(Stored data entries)
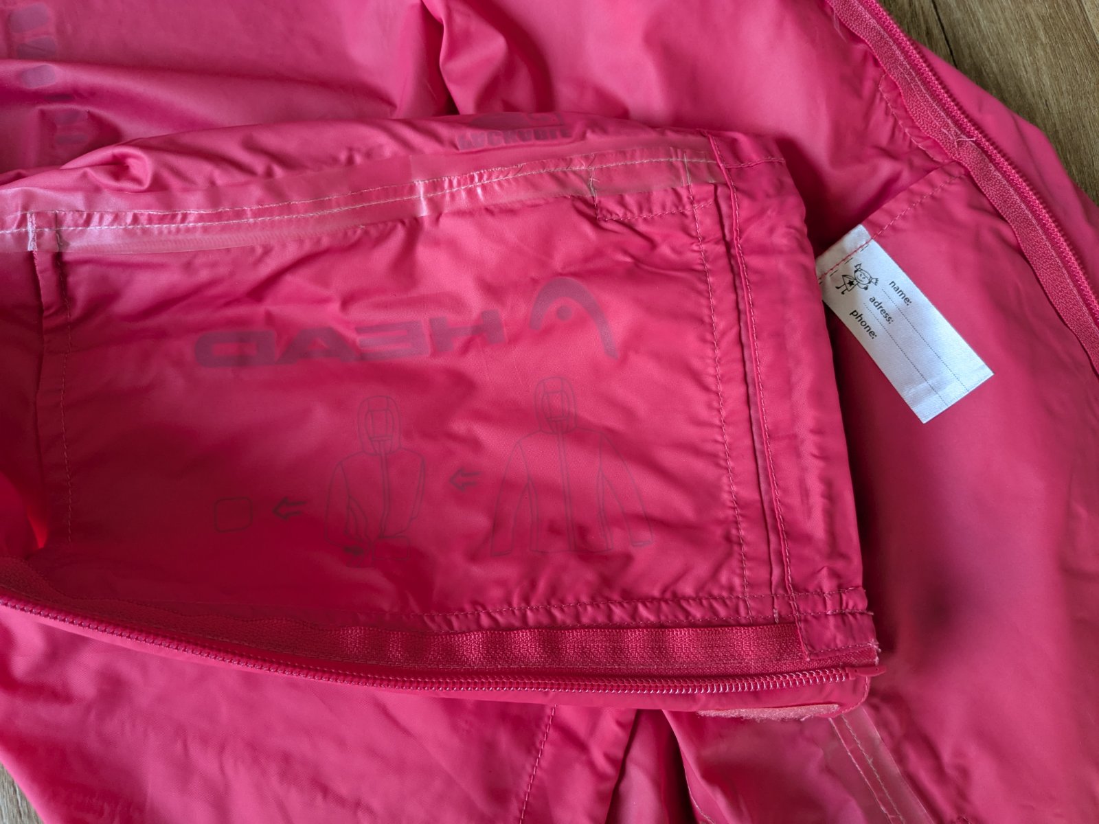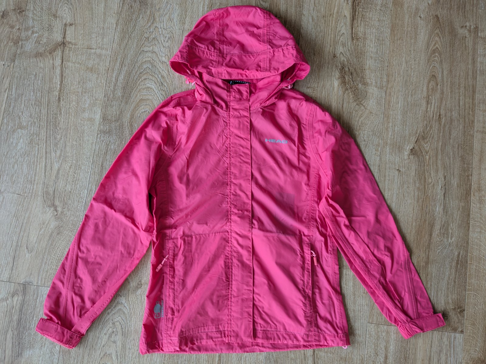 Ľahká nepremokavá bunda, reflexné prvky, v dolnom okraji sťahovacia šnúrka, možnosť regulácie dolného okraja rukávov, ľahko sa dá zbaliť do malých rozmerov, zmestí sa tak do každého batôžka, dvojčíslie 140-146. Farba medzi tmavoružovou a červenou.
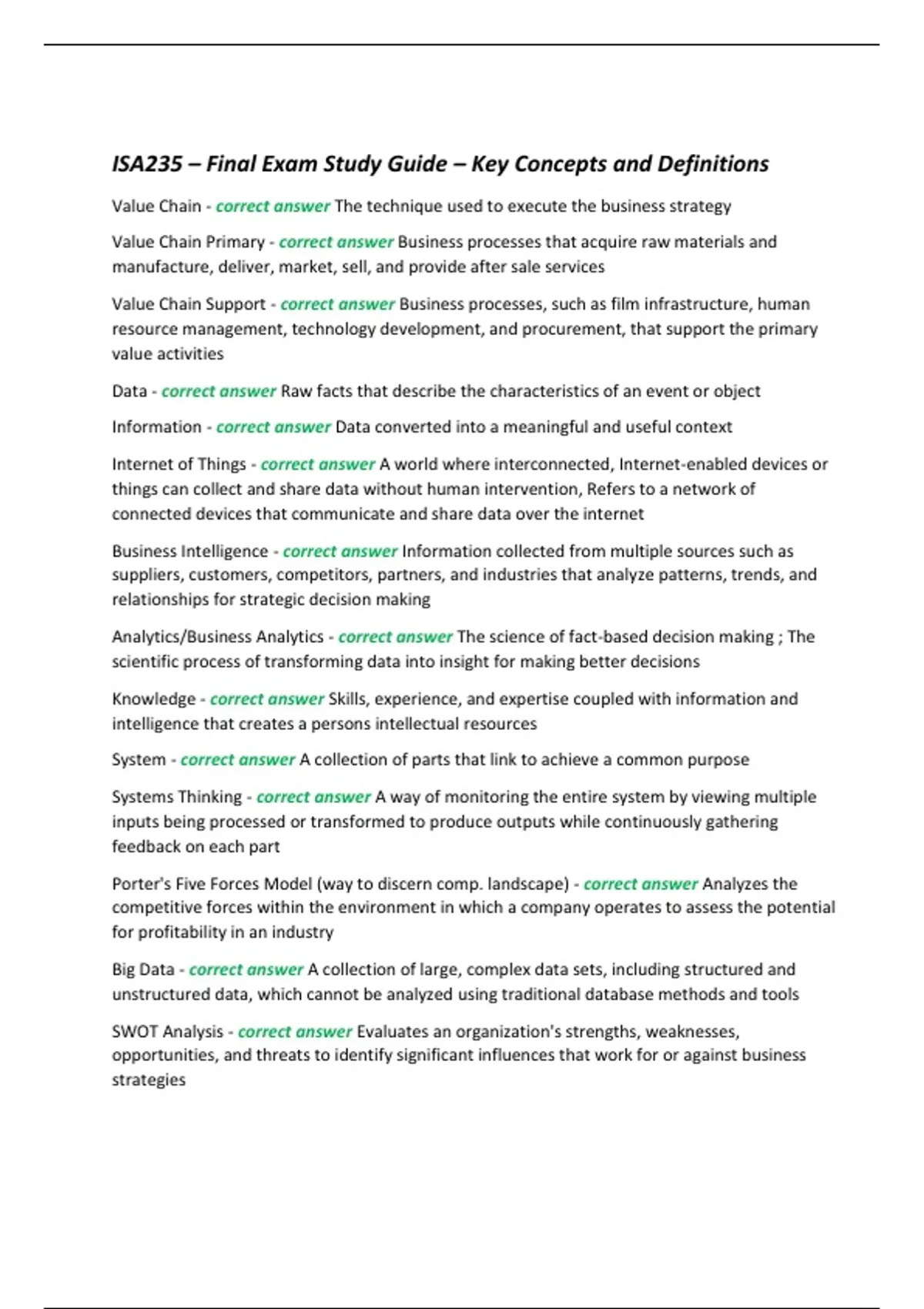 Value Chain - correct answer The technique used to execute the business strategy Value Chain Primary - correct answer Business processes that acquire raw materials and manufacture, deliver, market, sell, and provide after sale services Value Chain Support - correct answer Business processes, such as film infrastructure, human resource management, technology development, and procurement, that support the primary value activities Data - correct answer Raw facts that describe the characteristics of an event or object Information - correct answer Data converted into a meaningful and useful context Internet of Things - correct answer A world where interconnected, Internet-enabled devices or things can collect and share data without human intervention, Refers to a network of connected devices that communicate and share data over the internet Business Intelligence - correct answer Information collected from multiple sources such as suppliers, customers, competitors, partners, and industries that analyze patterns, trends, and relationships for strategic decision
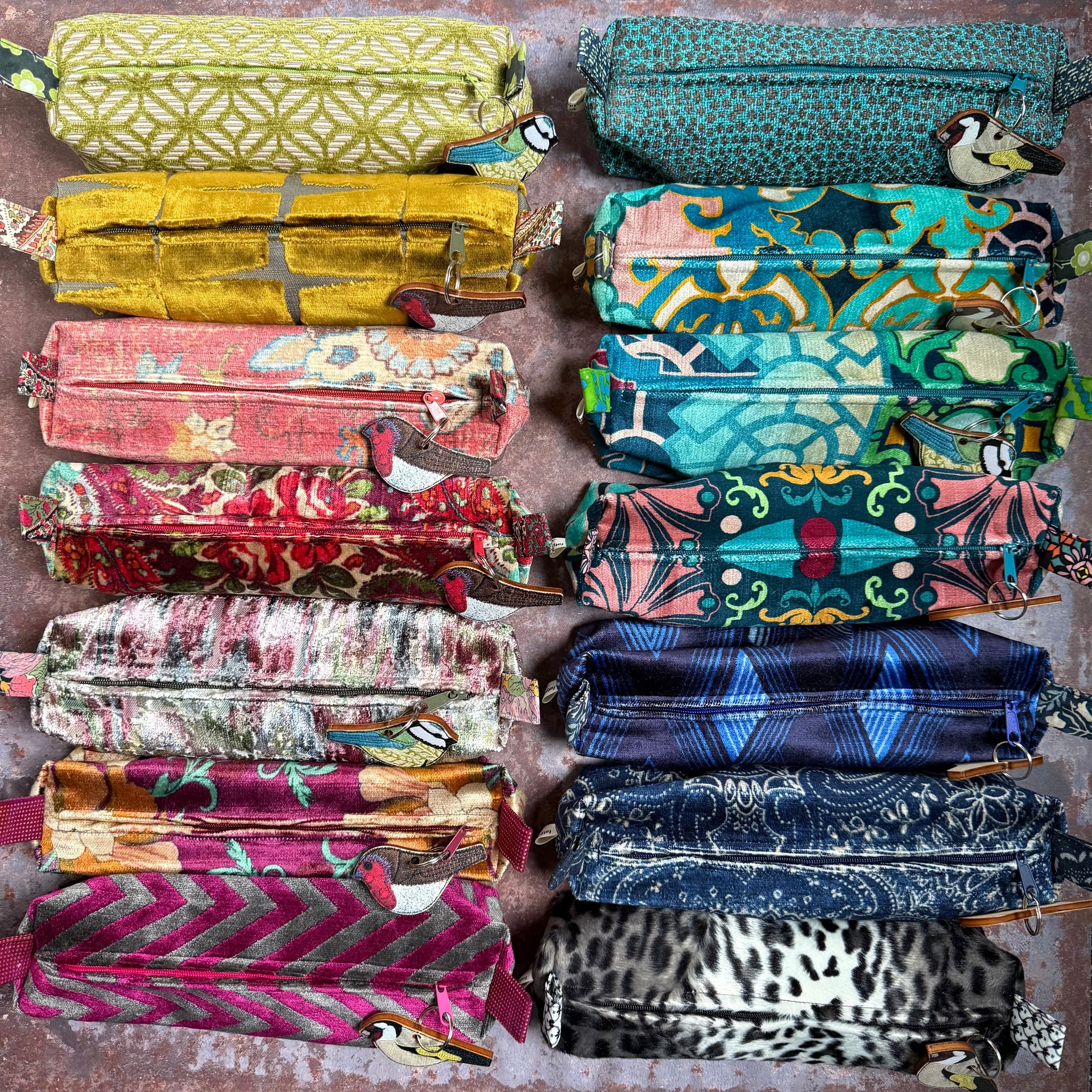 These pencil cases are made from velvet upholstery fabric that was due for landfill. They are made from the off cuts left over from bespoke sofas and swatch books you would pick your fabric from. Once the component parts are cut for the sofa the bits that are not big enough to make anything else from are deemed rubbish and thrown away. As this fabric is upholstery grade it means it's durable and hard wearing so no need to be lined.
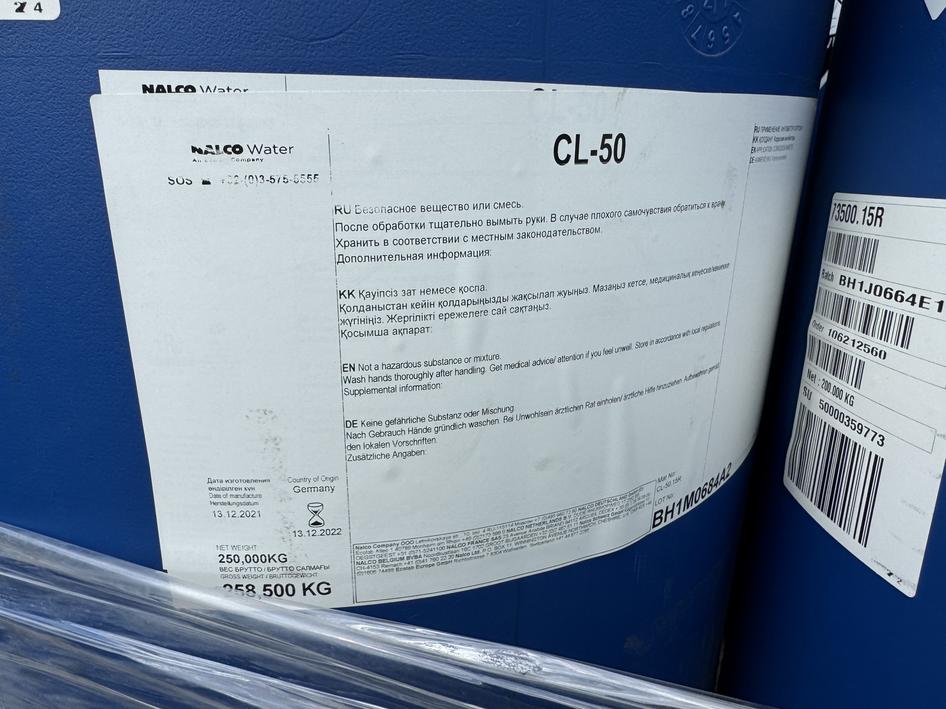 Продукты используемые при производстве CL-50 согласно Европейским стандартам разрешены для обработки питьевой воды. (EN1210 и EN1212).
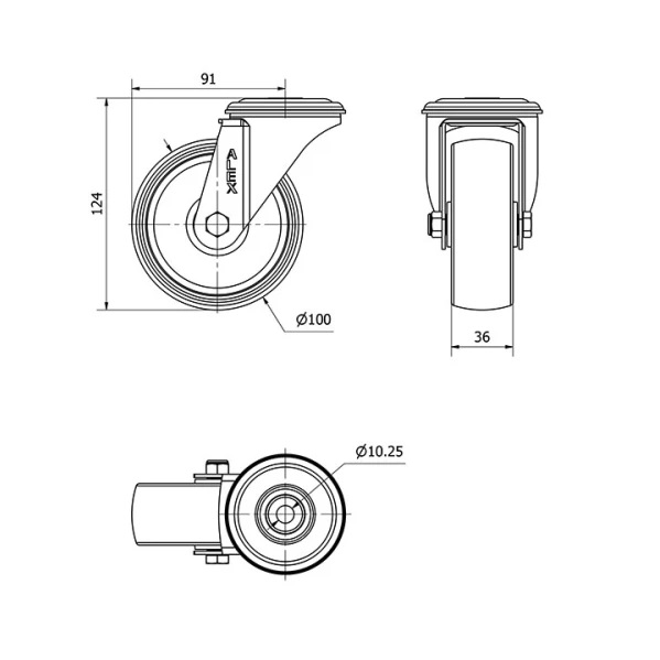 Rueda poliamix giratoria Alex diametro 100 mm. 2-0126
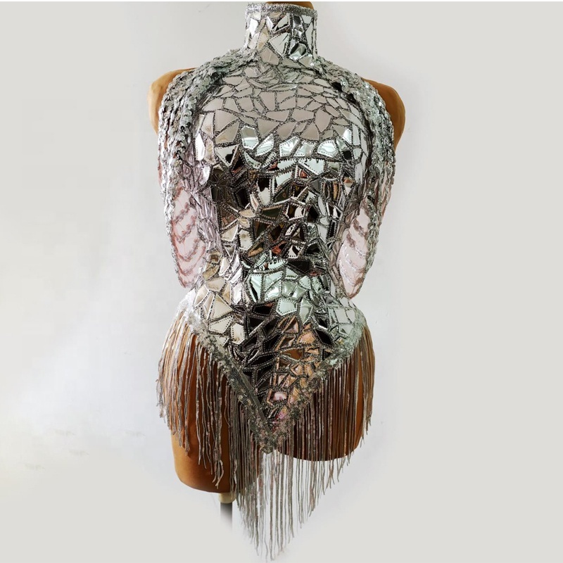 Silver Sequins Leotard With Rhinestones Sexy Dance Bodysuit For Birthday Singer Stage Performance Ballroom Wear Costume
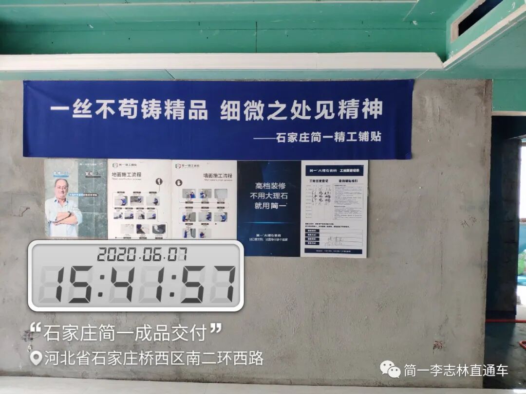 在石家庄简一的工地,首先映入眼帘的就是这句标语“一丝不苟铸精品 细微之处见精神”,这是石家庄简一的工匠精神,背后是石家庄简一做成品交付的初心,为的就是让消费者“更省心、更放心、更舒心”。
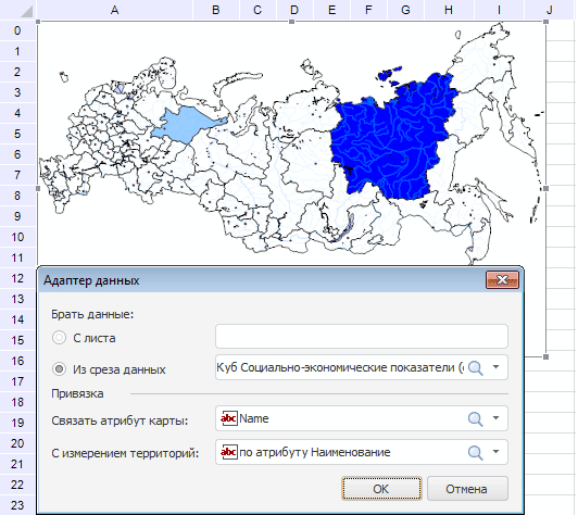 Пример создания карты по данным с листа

Work item: The answer consists solely of the lines from the one holding "Rueda poliamix giratoria" through the last line of the entries above, set down verbatim, without any pictures.

Response below:
 Rueda poliamix giratoria Alex diametro 100 mm. 2-0126
 Silver Sequins Leotard With Rhinestones Sexy Dance Bodysuit For Birthday Singer Stage Performance Ballroom Wear Costume
 在石家庄简一的工地,首先映入眼帘的就是这句标语“一丝不苟铸精品 细微之处见精神”,这是石家庄简一的工匠精神,背后是石家庄简一做成品交付的初心,为的就是让消费者“更省心、更放心、更舒心”。
 Пример создания карты по данным с листа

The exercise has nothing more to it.